Генри-Беатрис станет одним из самых близких друзей Ханны, их дружба продлится вплоть до самой его смерти в 1915 году (он покончит с собой из-за любви к красивому офицеру, погибшему в Арденнах). А пока он быстро усвоил правило приходить вечером в ее комнату на втором этаже. Они болтали совсем по-женски. "Лиззи, разница между разговором женщин и мужчин сводится к тому, что в последнем случае выкуривается сигара. В остальном же процент глупостей, произносимых и там и здесь, особенно не меняется". О высшем лондонском или британском обществе у него было исчерпывающее мнение: оно самое бестактное, самое скрытное, какое только можно себе представить. Он знает, кто с кем спит, как, почему, когда. Он по-своему восхищает Ханну и весьма способствует ее завоеваниям. Между ними устанавливается тесное сообщничество, даже немного пугающее.

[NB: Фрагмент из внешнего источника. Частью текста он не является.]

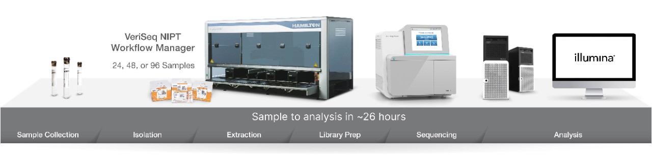 VeriSeq NIPT v2は、ランごとに24、48、または96のサンプルを分析することができるシンプルでスケーラブルなIVDソリューションです。Hamilton RoboticsのVeriSeq NIPT Microlab STARシステムでサンプル調製が自動化されています。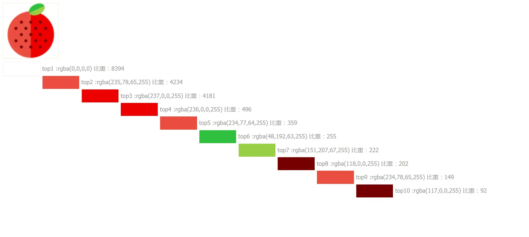 这个问题思路很清晰,第一步,拿到图片的数据;第二步,根据色值进行聚类;第三步,对聚类结果排序。所以这次就是根据这个思路去实现。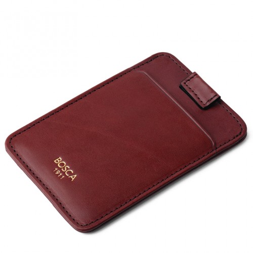 A super-slim minimalist design featuring a horizontal card pocket on one side, and a vertical pocket on the reverse, with a pull-tab to raise cards to easy access. Made in our rich hand-stained, vegetable-tanned Old Leather. Designed for those who almost never hold cash, and need the slimmest form factor and room for several cards. This super-slim card case/mini-wallet carries just enough.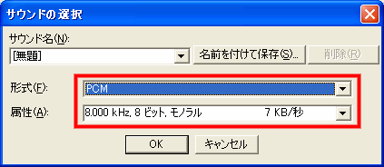 ただし、取り出すWAVEファイルのステータスは「PCM 8000Hz 8ビット モノラル」にしてください。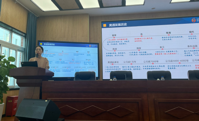 在分享互动环节,糖酒工匠、金枫酒业技术中心高级研发员黄媛媛作为国有企业女性职工和一线专业技术人员代表,应邀带来个人职业生涯发展与专业成长成才的专题分享。她鼓励同学们,无论未来从事何种职业,都要保持热爱、坚守责任心,并善于在平凡的日常工作中发现价值、创造价值。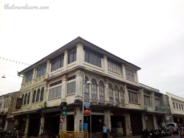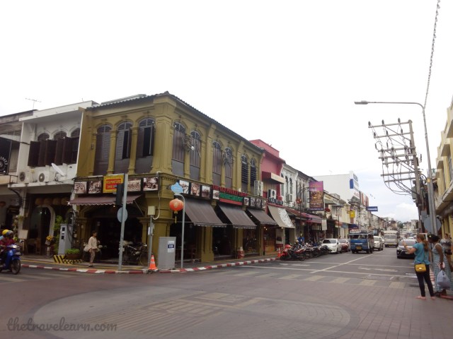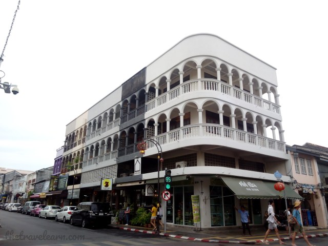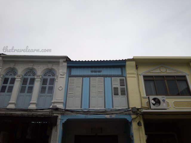 Saat ini, kepingan-kepingan masa lalu tersebut dapat kita lihat di Phang Nga Road (Thanon Phang Nga) dan sekitarnya. Jalan-jalan sempitnya diapit oleh deretan ruko-ruko Sino-Portuguese setinggi 2 lantai, dibalut dengan warna-warna cerah. Atap-atap lengkungnya yang khas Tionghoa berpadu dengan pilar-pilar dan struktur bangunan bergaya Portugis. Gue nggak tahu bangunan-bangunan apa aja yang kami lalui, tapi sebagian di antaranya difungsikan sebagai café. Sayangnya saat itu lagi bener-bener nggak laper, padahal rencana awalnya memang mau ngopi-ngopi di situ.
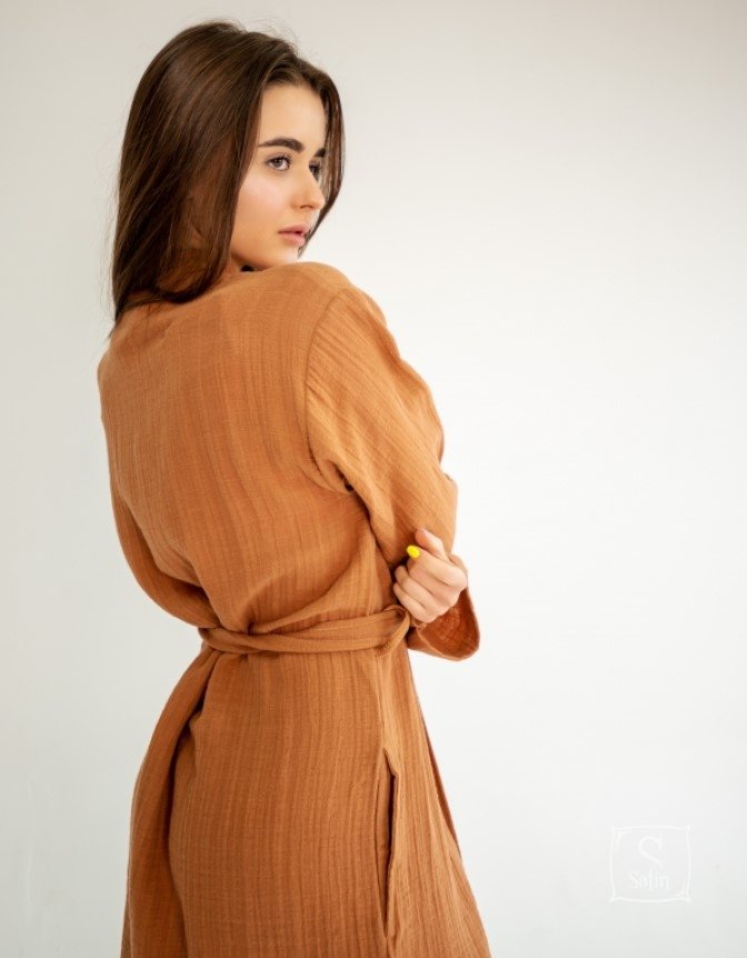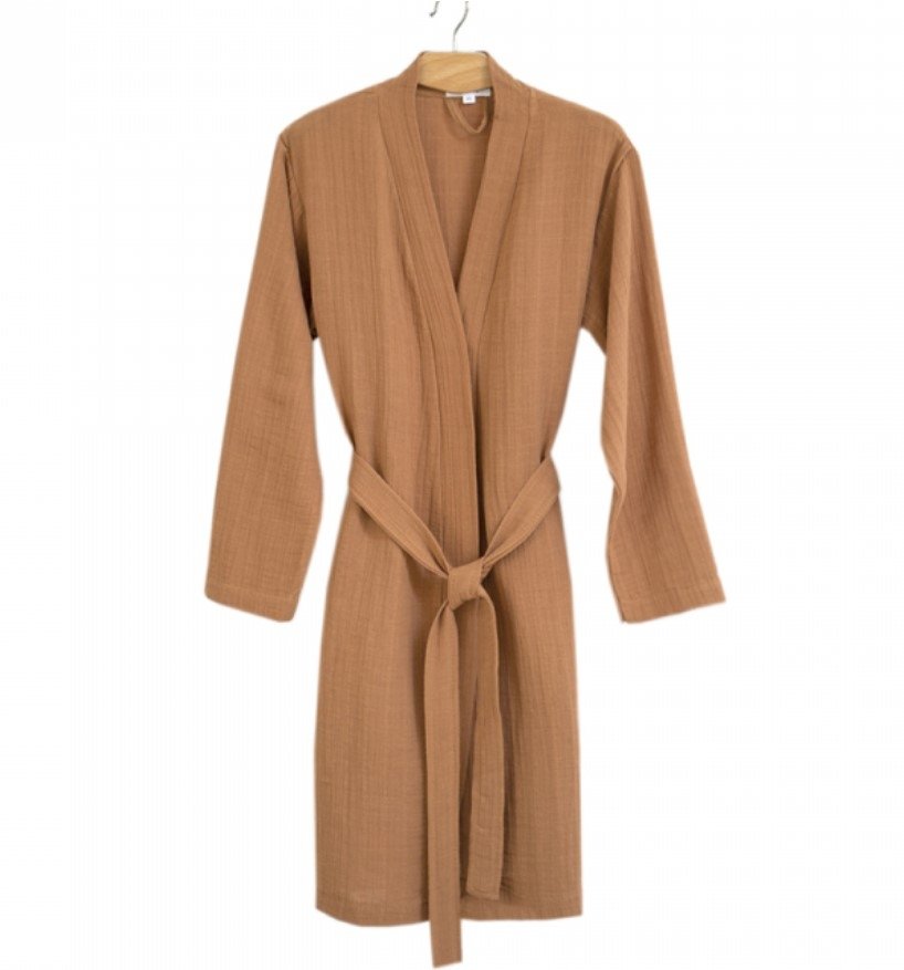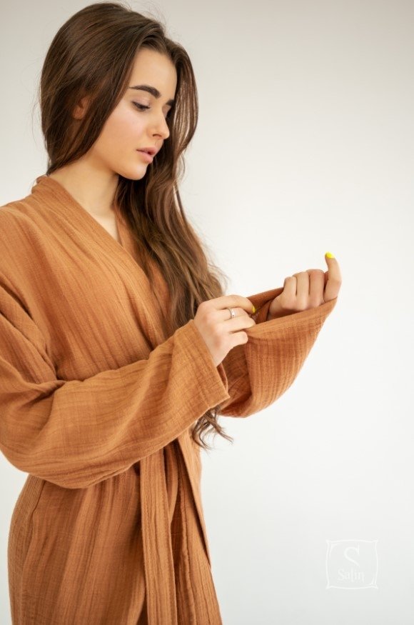 Классический халат-кимоно Muslin Indian Tan кирпичного цвета от турецкой ТМ Barine выполнен из натурального высококачественного муслинового хлопка, который неверятно тонкий и легкий, но при этом обладает высокой прочностью и износостойкостью, позволяет коже дышать, защищает от ультрафиолетовых лучей, гигиеничный и экологичный.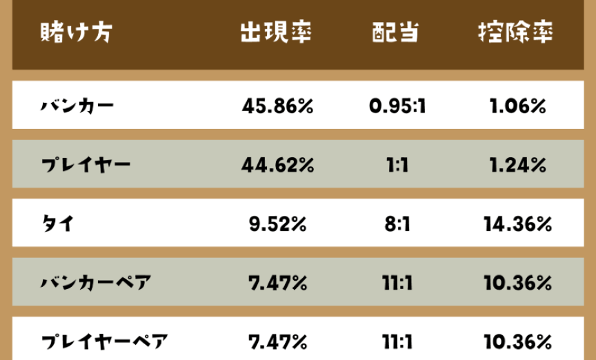 バンカーへの賭けは、多くの場合最も優れた選択肢とされています。バンカー手が勝つ可能性は約50.68%で、これより高い期待値を持っています。この場合、配当は1対1ですが、5%の手数料が引かれるため、その点も考慮する必要があります。安定した収益を目指すなら、このオプションがおすすめです。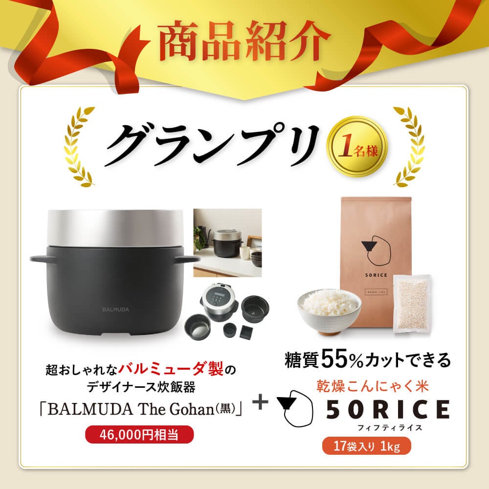 受賞した方には超おしゃれなバルミューダ製の炊飯器と、こんにゃく米「50RCE」1kgをプレゼントいたします。

Может быть, как приятный вызов, она вбила себе в голову, что его можно обратить б другую веру, и долгими вечерами, которые они проводят вместе, в течение недель, месяцев пытается соблазнить его. "Только не надо себе говорить, что ты делаешь это, чтобы потренироваться в интересах Тадеуша! Андре вполне хватило бы для этого. Нет, ты безнадежно порочна, вот и все!" Однажды ночью он приходит очень поздно, во втором часу. Она вернулась из Ковент-Гарден, куда затащил ее Полли, с ужина, который последовал за спектаклем. Он заваливается на кровать и болтает о пустяках. Умолкает на несколько секунд, видя, что она полностью разделась, смотрит на нее, немного отстраняется, когда она ложится рядом с ним прямо на одеяло.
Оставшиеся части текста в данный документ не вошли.